Ecclesiastical enclosure, Kilconnor, Co. Cork
Co. Cork |
Ecclesiastical Sites
A field boundary in north Cork is doing double duty, holding livestock in on one side and holding history in on the other.
On a south-facing pasture slope at Kilconnor, the arc of an early ecclesiastical enclosure, the circular earthen bank that once defined the sacred precinct around a church, has been quietly absorbed into the working field system. The bank itself survives to a height of about 0.8 metres and runs in an arc from the north-west to the north across roughly 50 metres, with a fosse, or external ditch, on its outer side. A separate curved section of earth and stone fence immediately to the east of the church site may preserve a further fragment of what was either an inner enclosure or the original graveyard boundary.

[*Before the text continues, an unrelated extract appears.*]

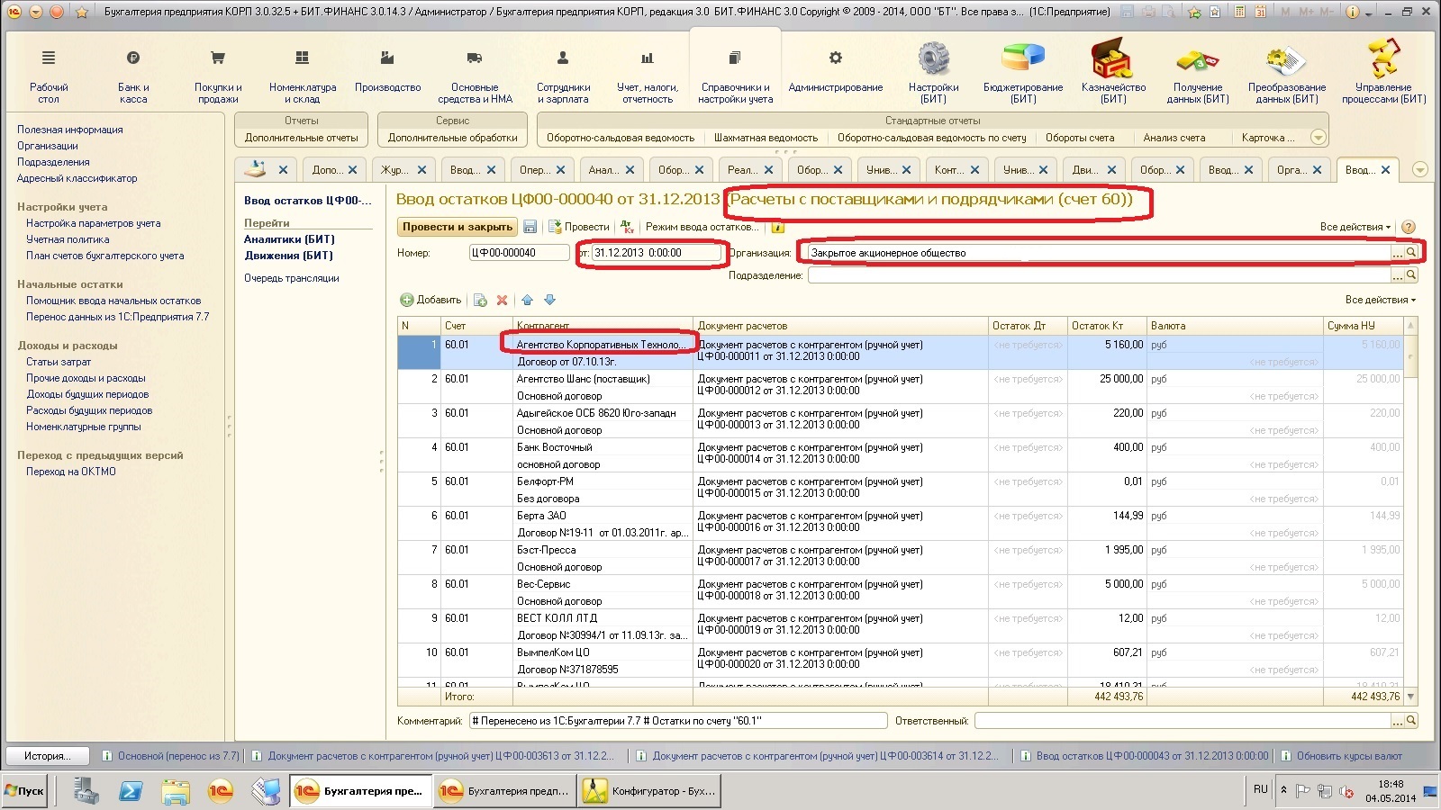 Пример Ввода остатков (исходный документ) по поставщикам и подрядчикам высылаю.

This kind of circular ecclesiastical enclosure is a recurring feature of the early Irish church. Monasteries and church sites were typically bounded by a roughly circular vallum, demarcating the sanctified ground within from the secular world beyond, and traces of these enclosures can sometimes be read in the landscape long after the buildings themselves have vanished. At Kilconnor, the church has gone, but the shape of its precinct lingers in the hedgerows. Writing in 1932, a researcher named Power noted that the outline of a former circular enclosing bank was still faintly traceable, both in the field fence to the north and in what he called the field surface itself, on what was then Regan's farm. The fact that he could read it then, and that portions of it remain identifiable today, suggests a remarkable persistence in the local field layout, one that has preserved ecclesiastical geometry within an entirely agricultural context.